资源环境科技发展态势分析平台

Subsurface flow dominates water movement from hillslopes to streams in most forested headwater catchments. Hewlett and Hibbert (1963, https://doi.org/10.1029/JZ068i004p01081) constructed an idealized hillslope model (0.91 x 0.91 x 15.0 m; 21.8 degrees) using reconstituted C horizon soil to investigate importance of interflow, a type of subsurface flow. They saturated the model, covered it to prevent evaporation, and allowed free drainage for 145 days. The resulting recession drainage curve suggested two phases: fast drainage of saturated soil in the first 1.5 days and then slow drainage of unsaturated soil. Hydrologists interpreted the latter as evidence interflow could sustain baseflow, even during extended drought. Since that experiment, typical forest vegetation grew in the model, providing root and litter inputs for 55 years. We removed all aboveground live biomass and repeated the experiment physically and numerically (HYDRUS-2D), hypothesizing that pedogenesis would change the drainage curve and further elucidate the role of unsaturated flow from hillslopes.
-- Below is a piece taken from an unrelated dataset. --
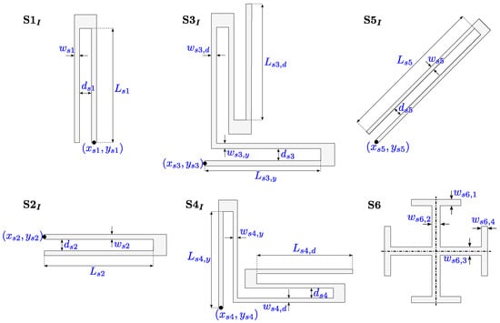 Figure 3 shows the 33 design variables related to the springs: they are described by the coordinates of an initial point and by parameters related to the geometry of the composing beams (such as width w, length L, and distance between parallel beams d). In particular, springs of similar type (e.g., U-shaped springs with different orientation , , or serpentine springs with equivalent folds , ) share the same parametrization and involve equivalent design parameters.

Contrary to this hypothesis, drainage curves in our twice-repeated physical experiments and numerical simulation were unchanged for the first similar to 10 days, indicating pedogenesis and biological processes had not largely altered bulk hydraulic conductivities or soil moisture release characteristics. However, drainage unexpectedly ceased after about 2 weeks (14.3 +/- 2.5 days), an order of magnitude sooner than in the original experiment, due to an apparent leak in the hillslope analogous to commonly observed bedrock fractures in natural systems. Thus, our results are a more natural recession behavior that highlight how incorporation of alternative hydrologic outputs can reduce drainage duration and volume from soils to baseflow.